Abstract:In the high-dimensional landscape, addressing the challenges of covariance regression with high-dimensional covariates has posed difficulties for conventional methodologies. This paper addresses these hurdles by presenting a novel approach for high-dimensional inference with covariance matrix outcomes. The proposed methodology is illustrated through its application in elucidating brain coactivation patterns observed in functional magnetic resonance imaging (fMRI) experiments and unraveling complex associations within anatomical connections between brain regions identified through diffusion tensor imaging (DTI). In the pursuit of dependable statistical inference, we introduce an integrative approach based on penalized estimation. This approach combines data splitting, variable selection, aggregation of low-dimensional estimators, and robust variance estimation. It enables the construction of reliable confidence intervals for covariate coefficients, supported by theoretical confidence levels under specified conditions, where asymptotic distributions are provided. Through various types of simulation studies, the proposed approach performs well for covariance regression in the presence of high-dimensional covariates. This innovative approach is applied to the Lifespan Human Connectome Project (HCP) Aging Study, which aims to uncover a typical aging trajectory and variations in the brain connectome among mature and older adults. The proposed approach effectively identifies brain networks and associated predictors of white matter integrity, aligning with established knowledge of the human brain.
What problem does this paper attempt to address?
This paper aims to address the challenges in high - dimensional covariance regression, especially when the covariate dimension is much larger than the sample size. Specifically, the paper proposes a new method to handle the regression problem with high - dimensional covariance matrices as outcomes. Traditional methods encounter difficulties in the face of high - dimensional data because when the number of covariates exceeds the sample size, the covariance matrix of covariates will have a rank - deficiency problem, causing traditional estimation methods to fail.
### Main problems solved in the paper:
1. **High - dimensional covariance regression**:
- When the dimension \( q \) of covariates is much larger than the sample size \( n \), traditional covariance regression methods are difficult to work effectively. The paper proposes a new method to solve this problem by introducing techniques such as penalized estimation and data splitting, enabling effective statistical inference in high - dimensional situations.
2. **Reliable statistical inference**:
- The paper not only focuses on parameter estimation but also proposes a framework for constructing reliable confidence intervals. This includes using techniques such as data splitting, variable selection, aggregation of low - dimensional estimates, and robust variance estimation to ensure reliable statistical inference results in high - dimensional situations.
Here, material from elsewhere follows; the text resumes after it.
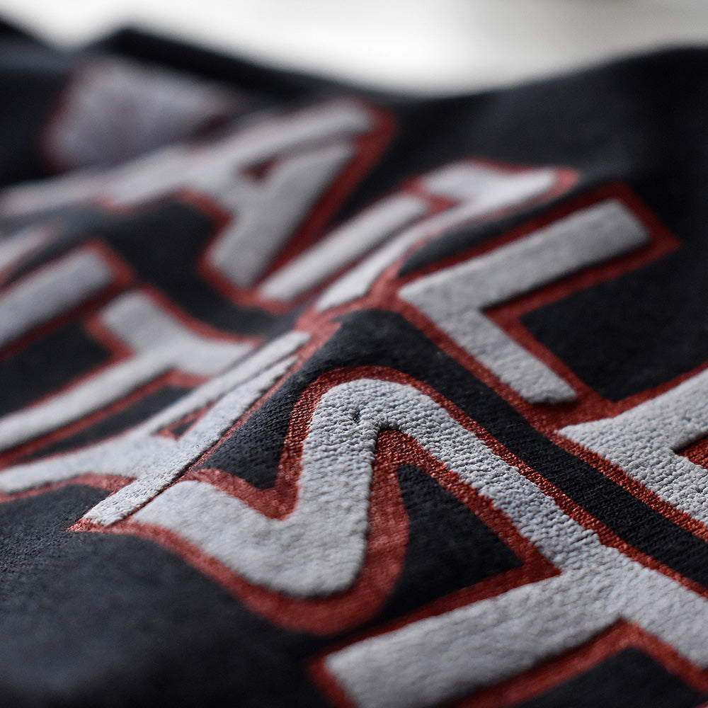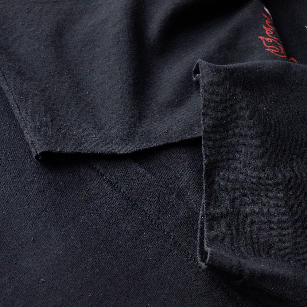 note...80年代初頭に活動したイギリスのポップバンド、Scarlet Fantastic。87年リリース1stシングル“No Memory” Tシャツ。フロントにはウィングとスターを組み合わせた存在感抜群かつ洒落たデザイン。さらに袖にはシングルの裏ジャケットで使われた女性のロゴがさりげなくプリントされています。立体感のあるフロッキープリント、バックに入るメッセージなど雰囲気のある1枚。タグはスクリーンスターズの黒タグ。XL表記。古着市場でも中々出回る事のないレアなScarlet Fantastic Tシャツです。

3. **Practical applications**:
- The paper demonstrates the application of this method in practical problems, especially in neuroimaging. For example, through functional magnetic resonance imaging (fMRI) experiments, it studies the synchronous activation patterns between brain regions, and through diffusion tensor imaging (DTI) it identifies the anatomical connections between brain regions. In addition, this method has also found applications in financial data analysis for analyzing the synchronicity of stock prices.
### Main contributions:
1. **Penalized estimation and statistical inference**:
- It is the first attempt to conduct penalized estimation and statistical inference in the context of high - dimensional covariates, laying the foundation for dealing with complex high - dimensional data and covariance matrix problems.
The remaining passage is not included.